Neste capítulo serão apresentados alguns conceitos para que se possa compreender melhor o processo de eletrificação rural por MIGDI e os incentivos que podem se apresentar nesse processo. Também serão apresentadas algumas formas de se compreender a cultura, a comunidade e o território. A seguir, será discutida a transição energética em seus aspectos conceituais básicos. Também será tratada a Abordagem de Capacidades, como instrumento para a compreensão do bem-estar do indivíduo. Por fim, será tratada a abordagem institucional adotada nesta dissertação.

2.2 Comunidade rural, cultura e território

Essa seção tratará de alguns conceitos que são de fundamental importância para a compreensão, e mesmo delimitação, do problema que é apresentado nesta dissertação. Não existe uma definição universal do que é rural, ou mesmo um consenso a respeito do conceito (MORANTE, 2004). No Brasil, cada município possui sua área urbana e área rural, sendo os

(31)

limites entre eles definidos de forma arbitrária pelas Câmaras Municipais. Ocorre que delimitar o rural desta forma não permite compreender as particularidades das comunidades que serão atendidas pelo processo de eletrificação.
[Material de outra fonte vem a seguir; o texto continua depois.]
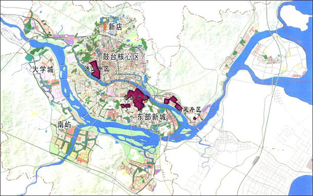 仓山片:规划总面积7.53km2,位于福州市南台岛东侧,四至范围:东临岷江,北至盖山镇高湖村,西至盖山镇中山村,南至规划三环路。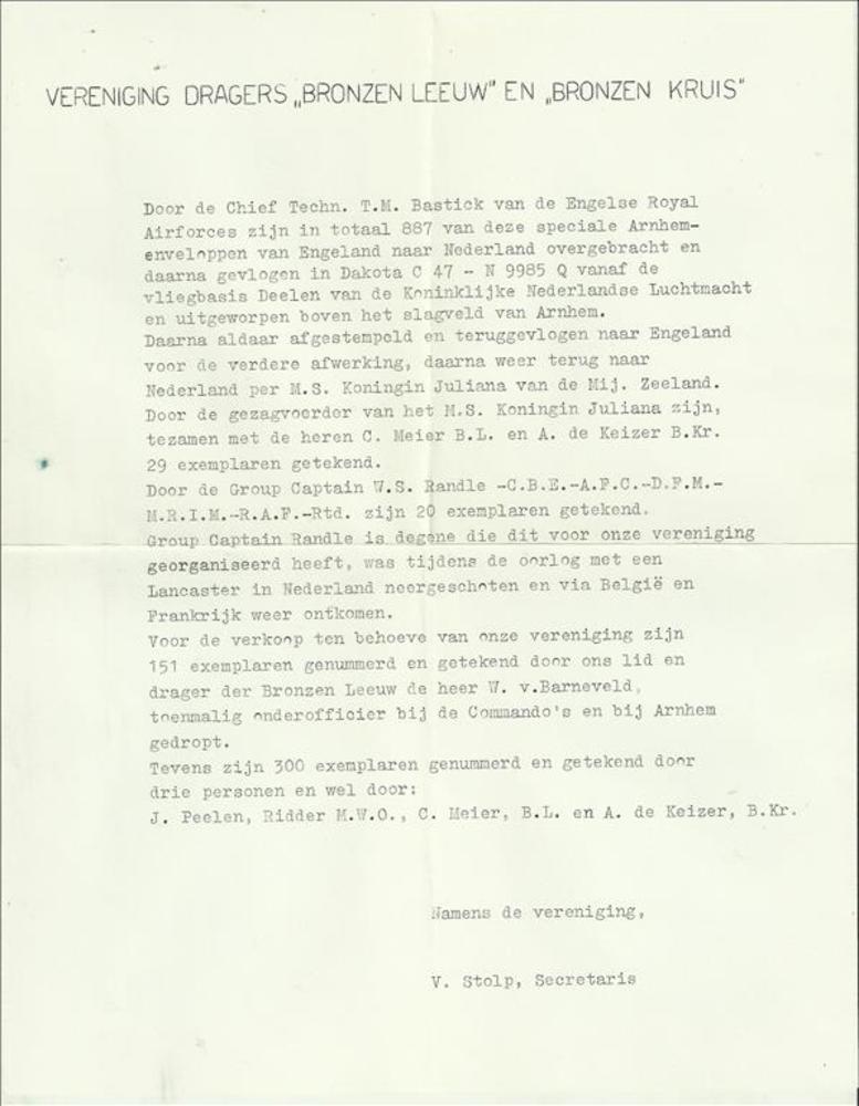 Herdenkingsenveloppe met een briefje, Arnhem, Ver. D...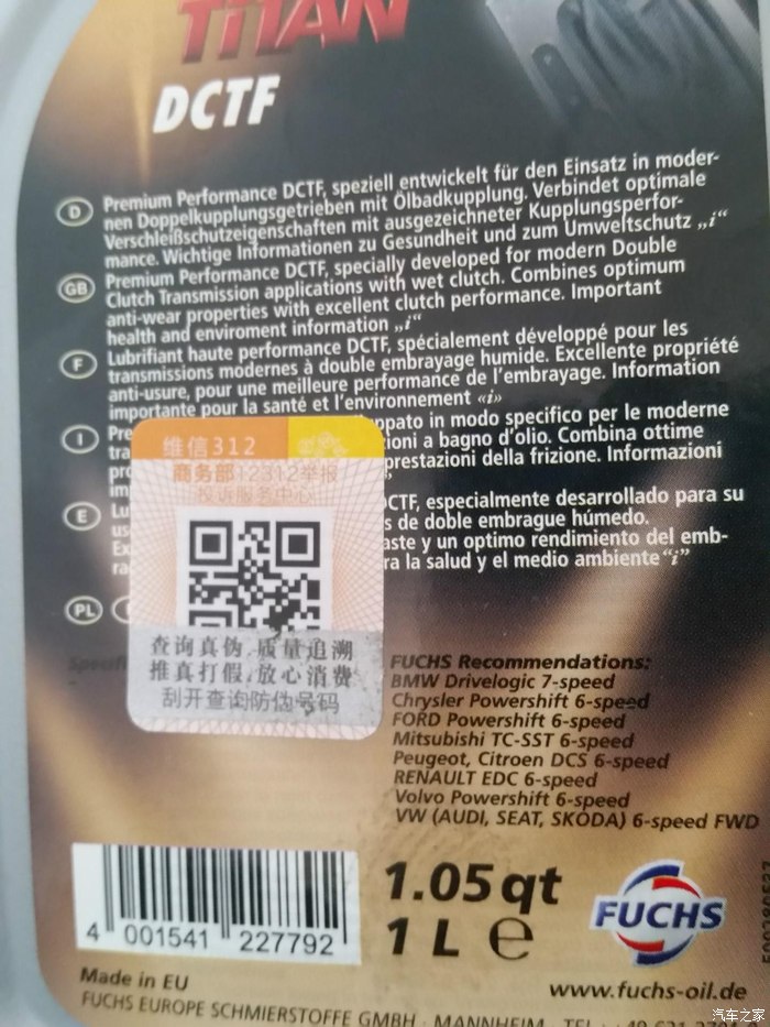 2、 之前咨询过京西某汽配城专业维修店(VOLVO论坛看到的)说除了原厂和VOLVO的变速箱油以外别的油加进去会报故障,到目前(已行驶10KM)为止,福斯油加进去未见异常。

Abramovay (apud FAVARETO, 2006) apresenta três dimensões que caracterizam a ruralidade, que são a “proximidade com a natureza, a ligação com as cidades, e as relações interpessoais derivadas da baixa densidade populacional e do tamanho reduzido de suas populações” (pg. 103). No que diz respeito à proximidade com a natureza, destaca-se o uso produtivo desta, em especial na produção de bens primários. Este também é o elemento de ligação com as cidades, e a cidade essencialmente um consumidor do que é produzido no campo.
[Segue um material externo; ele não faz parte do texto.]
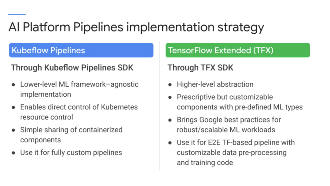 有一点倒是达成了共识,机器学习的项目中,真正机器学习的内容占比不到5%,有大量的成本浪费在了工程实践上。于是一个概念诞生了:MLOps,就像DevOps一样,来解决model开发到落地之间的差距。方案也不是没有,各家云厂商其实都在做:AI Platform pipeline。像AirFlow MLFlow Clipper多少都能算这个领域,大家的功能基本差不多。Google 在Kubernetes上开发的kubeflow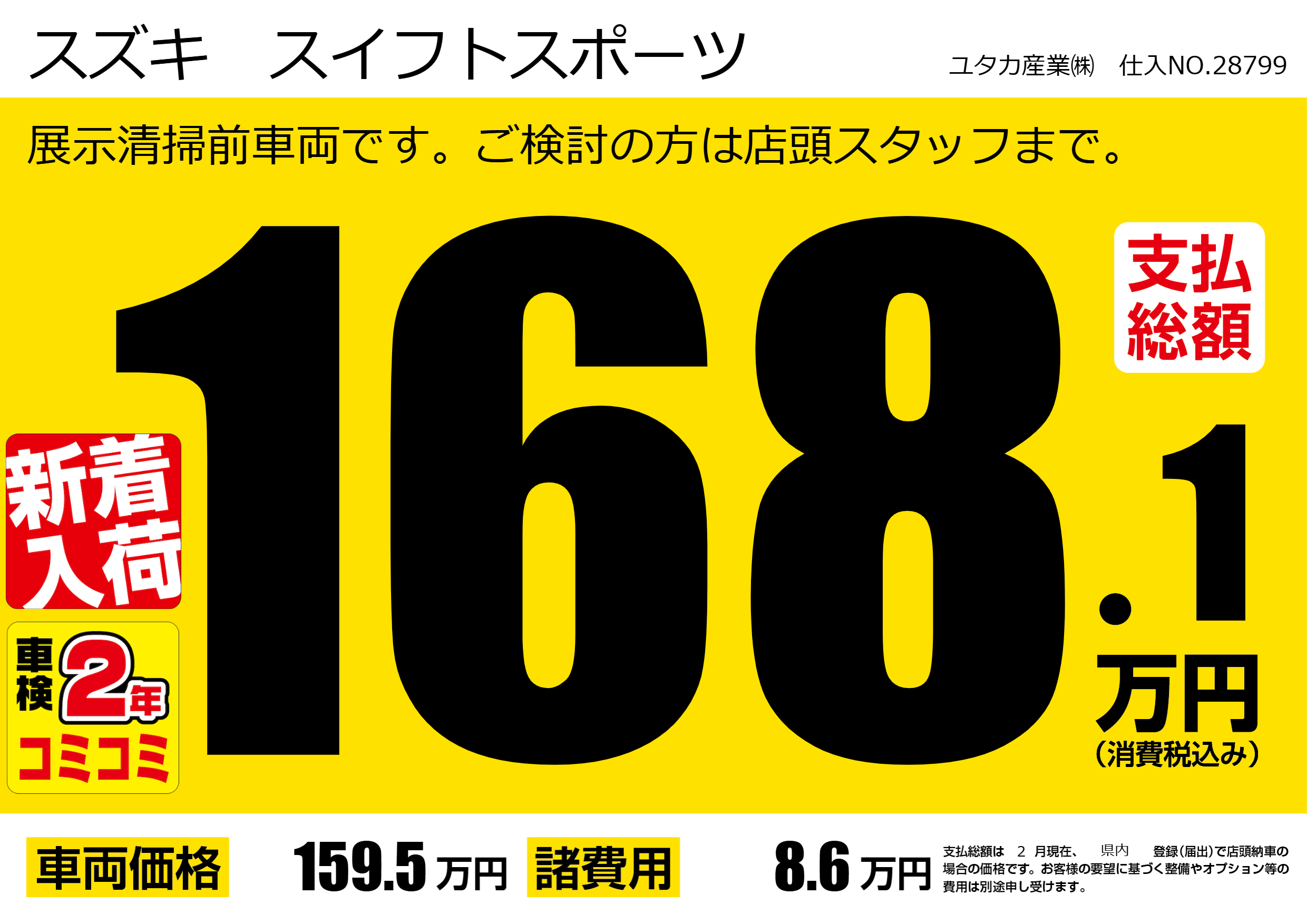 | 車名 | スズキ スイフトスポーツ | グレード ミッション 排気量 |
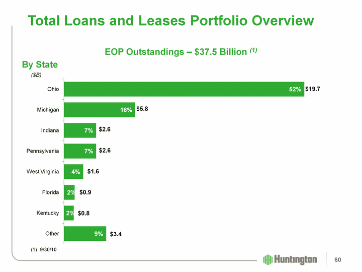 | (CHART) Total Loans and Leases Portfolio Overview 60 ($B) $19.7 $5.8 $2.6 $0.9 $2.6 $1.6 $0.8 $3.4 EOP Outstandings - $37.5 Billion (1) (1) 9/30/10 By State |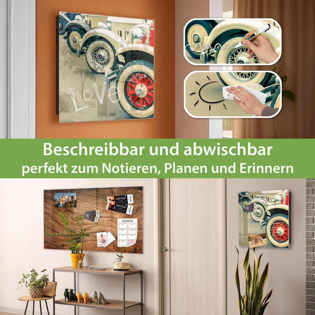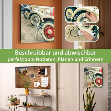 Bringe Ordnung und Eleganz in deinen Eingangsbereich mit dem banjado Schlüsselkasten Motiv Motiv Oldtimer Räder. Die moderne Schlüsselbox kombiniert funktionales Design mit hochwertiger Verarbeitung und wird so zu einem echten Hingucker in Flur, Büro oder Ferienwohnung. ✅ Stilvolle Schlüsselaufbewahrung mit Glasfront im Motiv Motiv Oldtimer Räder Der Design-Schlüsselkasten Motiv Motiv Oldtimer Räder bietet Platz für bis zu 50 Schlüssel, die auf 5 stabilen Reihen mit je 10 Haken übersichtlich verstaut werden. Mit seinen kompakten Maßen von 30 x 30 x 5 cm passt die Schlüsselbox perfekt auch in kleinere Räume. Der schwarz lackierte Stahlkorpus mit rechts angeschlagenem Türscharnier harmoniert mit der Glasfront und fügt sich nahtlos in jedes Wohnambiente ein. Ob als Schlüsselorganizer für Zuhause oder als praktische Lösung für Büros, Praxen und Gewerbe, der banjado Schlüsselkasten sorgt für Ordnung und Übersicht. Dank der magnetischen, mit Kreidestiften beschreibbaren Glasfront kannst du Notizen anheften oder Termine direkt auf der Oberfläche festhalten. Die Schlüsselbox Motiv Motiv Oldtimer Räder zur Wandmontage wird inklusive Befestigungsmaterial geliefert und ist schnell angebracht. So hast du deine Schlüssel jederzeit griffbereit und zugleich stilvoll verstaut. Mit diesem banjado Schlüsselkasten Motiv Motiv Oldtimer Räder kombinierst du praktische Aufbewahrung mit stilvollem Wohndesign. Ob privat oder geschäftlich, die Schlüsselbox sorgt für mehr Ordnung, Übersicht und ein wohnliches Ambiente.Vorteile im Überblick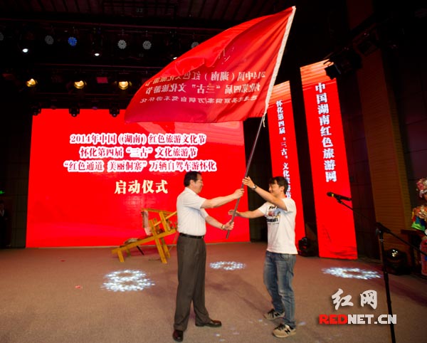 湖南省委常委、省委宣傳部部長(zhǎng)許又聲[左]為“紅色通道 美麗侗寨”萬(wàn)輛自駕車游懷化活動(dòng)授旗。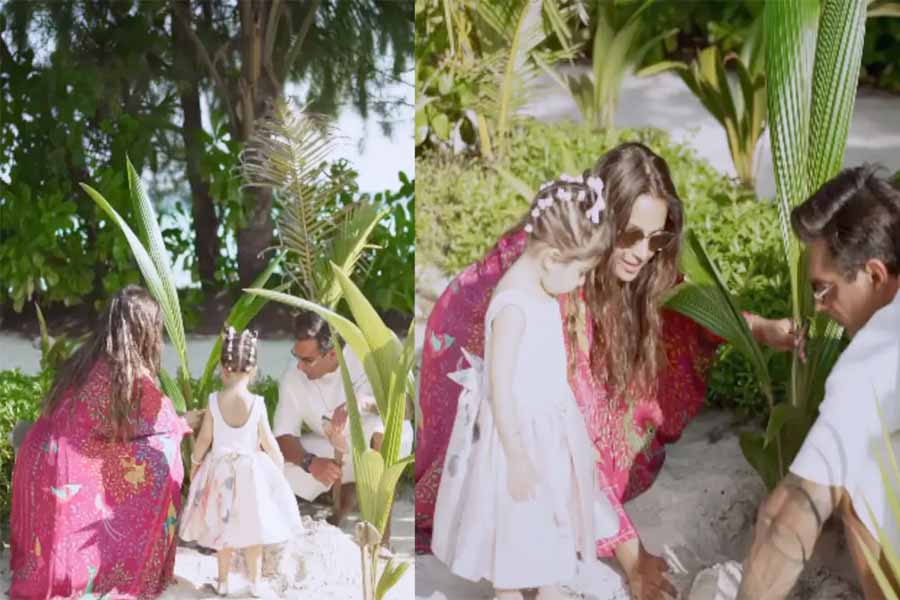 अभिनेत्री बिपाशा बसु ने अपनी बेटी देवी और पति करण सिंह ग्रोवर के साथ मिलकर सभी के लिए ‘खुशी और उम्मीद’ के पौधे रोपे, जिसकी झलक उन्होंने सोशल मीडिया पर दिखाई।

Para Favareto (2006), a partir da década de 1970, em função de diversos fatores, em especial pela estagnação do urbano, a relação entre o rural e essas dimensões muda, sendo que:

“No que diz respeito à proximidade com a natureza, os recursos naturais, antes voltados para a produção de bens primários, são agora objeto de novas formas de uso social, com destaque para a conservação da biodiversidade, o aproveitamento do potencial paisagístico disto derivado, e a busca de novas fontes renováveis de energia. Quanto à relação com as cidades, os espaços rurais deixam de ser meros exportadores de bens primários para dar lugar a uma maior diversificação e integração intersetorial de suas economias, com isso arrefecendo, e em alguns casos mesmo invertendo, o sentido demográfico e de transferência de rendas que vigorava no momento anterior. As relações interpessoais, por fim, deixam de apoiar-se numa relativa homogeneização e isolamento para dar lugar a um processo crescente de individuação e de heterogeneização, compatível com a maior mobilidade física, com o novo perfil populacional e com a crescente integração entre mercados antes mais claramente autônomos no rural e no urbano, mercados de bens e serviços, mas também o mercado de trabalho e o mercado de bens simbólicos.” (pg.103)

Apesar da forma como rural e urbano se confundem nos dias atuais, sendo seus limites já não tão evidentes, ainda existem as comunidades cujo contato com o urbano é mínimo, e que mantém características mais próximas das dimensões do rural apresentadas por Abramovay. Esse é o caso das comunidades ditas tradicionais, onde o contato com o urbano é mínimo, e normalmente restrito a um número pequeno de indivíduos da comunidade.

(32)

Tal isolamento implica, muitas vezes, no surgimento de uma cultura particular da comunidade, moldada por ações de sobrevivência, como a caça, a agricultura familiar, a ação coletiva para auxílio mútuo, enfim, ações que não passam pelo cotidiano do cidadão urbano típico. Ainda, comunidades rurais tradicionais são particulares em suas características. George Foster (1964) indica, de fato, que não existem duas comunidades rurais iguais.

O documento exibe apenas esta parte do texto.